East Boston Savings Bank
- Company type: Public company
- Traded as: Nasdaq: EBSB
- Industry: Financial services
- Founded: 1848; 178 years ago in East Boston, Massachusetts
- Fate: Acquired by Rockland Trust
- Headquarters: Peabody, Massachusetts
- Number of locations: 39
- Key people: Richard J. Gavegnano (President, CEO & Chairman)
- Operating income: US$ 236.675 million (2018)
- Net income: US$ 55.771 million (2018)
- Total assets: US$ 6.178 billion (2018)
- Number of employees: 550 (2018)
- Website: EBSB.com

= East Boston Savings Bank =

Stock savings bank

East Boston Savings Bank was a Massachusetts-chartered stock savings bank founded in 1848. The company delivered a wide range of deposit and loan products through the operation of the bank.

Rockland Trust announced it would be acquiring the bank on April 22, 2021 and completed the deal on November 12, 2021.

==History==
East Boston Savings Bank was established in Maverick Square, East Boston in 1848 by some merchants and shipbuilders, as a result of the booming commerce in Boston.

In 1991, East Boston Savings Bank became a wholly owned subsidiary of Meridian Mutual Holding Company, later known as Meridian Financial Services.

By, 2006 Meridian formed another holding company called Meridian Interstate Bancorp, to which ownership of the bank was transferred.

In 2009, Meridian Interstate entered into a merger agreement with Mt.

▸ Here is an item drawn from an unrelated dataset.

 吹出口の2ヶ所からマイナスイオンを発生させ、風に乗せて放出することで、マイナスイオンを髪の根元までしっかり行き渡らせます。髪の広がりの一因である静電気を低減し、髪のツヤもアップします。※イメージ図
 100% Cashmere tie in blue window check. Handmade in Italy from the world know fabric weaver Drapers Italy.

Washington Cooperative Bank of South Boston, Massachusetts. The merger was consummated in early 2010 and Mt. Washington Bank now operates under its name as a division of East Boston Savings Bank.

In July 2014, Meridian Interstate Bancorp consummated a second step stock conversion. Its top tier holding company MFS ceased to exist and a new corporation, Meridian Bancorp, Inc. was established.

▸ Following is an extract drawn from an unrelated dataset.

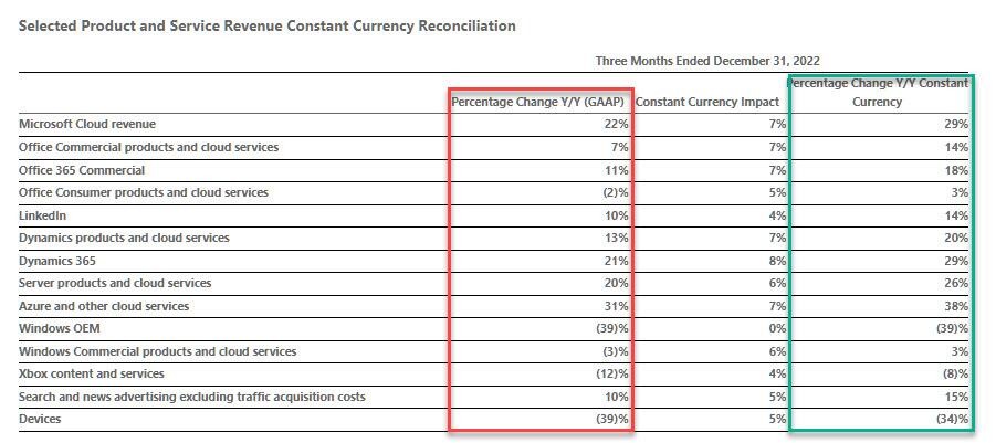 以下财报截图展示了,四季度微软各主要业务在未调整的 GAAP 口径下同比增长,以及不计美元汇率影响、以固定汇率计算的同比增长,从中可以发现,Dynamics 365 业务所受影响最大,增速下降了 8 个百分点,云业务的收入增速因此下降了 7 个百分点。

In May 2020, East Boston Savings Bank has collaborated with nearby restaurants in East Boston, South Boston, Dorchester and Revere to provide over 1,300 meals.

In July 2020, East Boston Savings Bank has launched new branches in Salem and Woburn, and plans to launch the third branch of EBSB in Brookline in late summer.

In April 2021, Independent Bank Corp. and Meridian Bancorp, Inc. Sign Merger Agreement for Rockland Trust Company to Acquire East Boston Savings Bank.